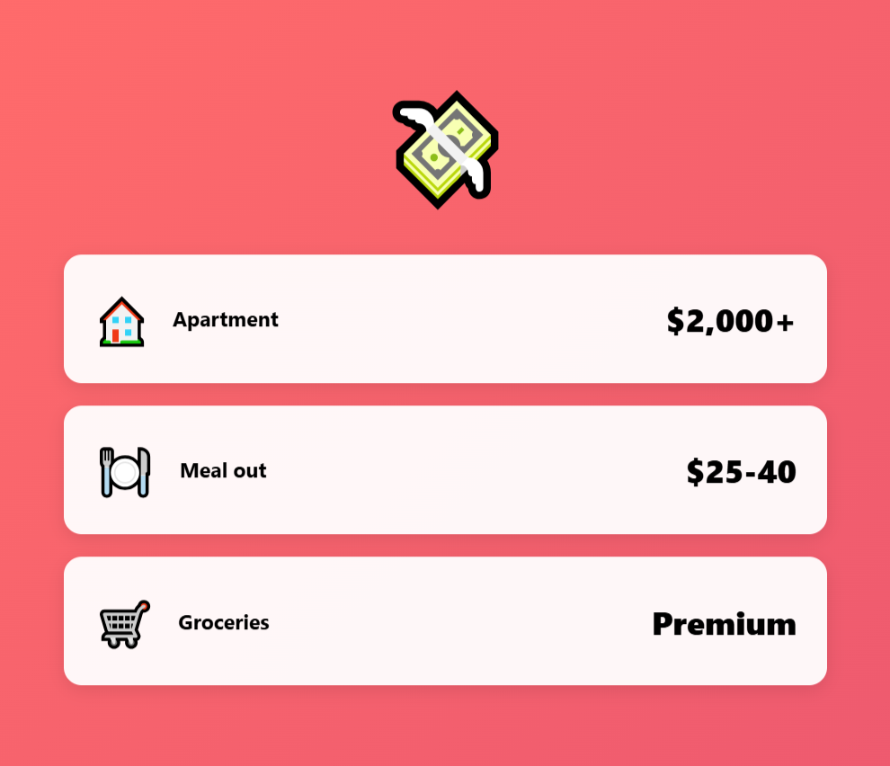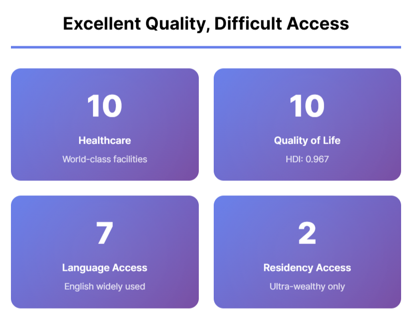 English proficiency is estimated at about 98%, so daily life would feel easy on this aspect. So you get world-class quality and development, for a very high price – but there are some additional barriers…
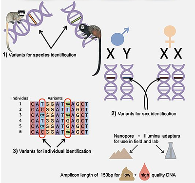 Developing an genotyping tool for individual identification of saddleback and emperor tamarins using non-invasive and invasive samples, and both Illumina and Nanopore sequencing platforms.
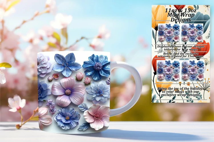 Flower Clipart Flower Pattern Coffee Mug Sublimation Design Flower Sublimation Design 3d Flower Design 15oz Mug Wrap Flower Mug Wrap Wedding Mug Wrap 3d Flower Pattern
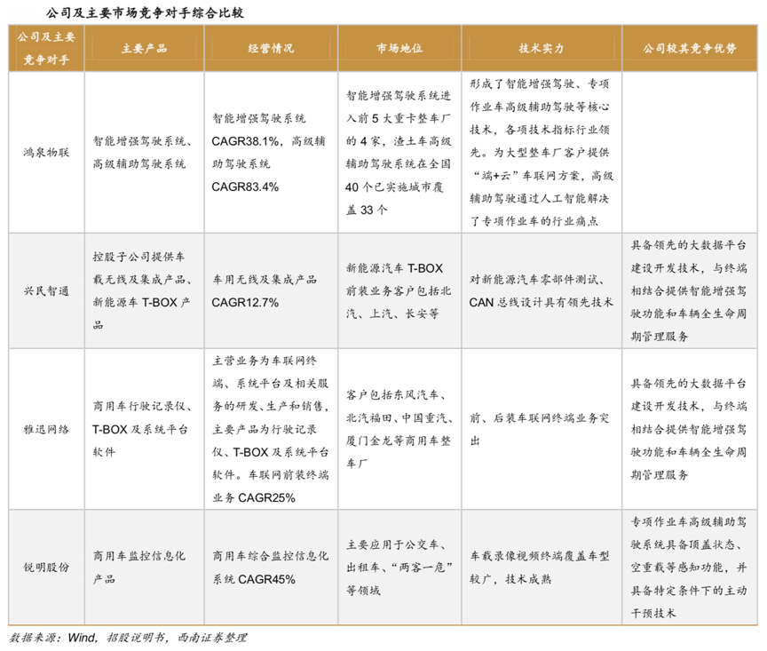 經(jīng)典案例:根據(jù)wind、招股說明書、西南證券等綜合資訊表明,持續(xù)的高研發(fā)投入,使得鴻泉物聯(lián)公司積累了大量的知識產(chǎn)權(quán)和核心技術(shù),與行業(yè)可比公司橫向比較可以發(fā)現(xiàn),其在大數(shù)據(jù)平臺建設(shè)開發(fā)技術(shù)、智能增強(qiáng)駕駛功能和車輛全生命周期管理服務(wù)等核心技術(shù)服務(wù)方面有較強(qiáng)的競爭優(yōu)勢。
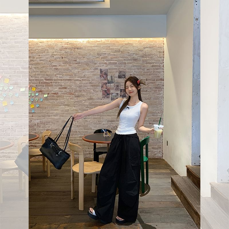 Neck Bow Fit Lace Panel Top Crew Tank Slim
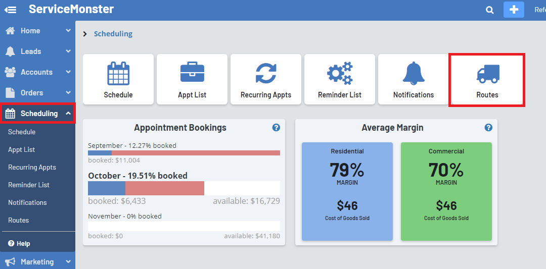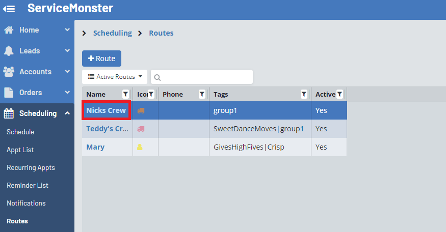 To deactivate a route, open your routes by selecting “Scheduling” in the left-hand side menu, then select “Routes”.

════

▸ **To do**: Each record should be written out exactly, and each image should be omitted.

▸ **Task output**:
 English proficiency is estimated at about 98%, so daily life would feel easy on this aspect. So you get world-class quality and development, for a very high price – but there are some additional barriers…
 Developing an genotyping tool for individual identification of saddleback and emperor tamarins using non-invasive and invasive samples, and both Illumina and Nanopore sequencing platforms.
 Flower Clipart Flower Pattern Coffee Mug Sublimation Design Flower Sublimation Design 3d Flower Design 15oz Mug Wrap Flower Mug Wrap Wedding Mug Wrap 3d Flower Pattern
 經(jīng)典案例:根據(jù)wind、招股說明書、西南證券等綜合資訊表明,持續(xù)的高研發(fā)投入,使得鴻泉物聯(lián)公司積累了大量的知識產(chǎn)權(quán)和核心技術(shù),與行業(yè)可比公司橫向比較可以發(fā)現(xiàn),其在大數(shù)據(jù)平臺建設(shè)開發(fā)技術(shù)、智能增強(qiáng)駕駛功能和車輛全生命周期管理服務(wù)等核心技術(shù)服務(wù)方面有較強(qiáng)的競爭優(yōu)勢。
 Neck Bow Fit Lace Panel Top Crew Tank Slim
 To deactivate a route, open your routes by selecting “Scheduling” in the left-hand side menu, then select “Routes”.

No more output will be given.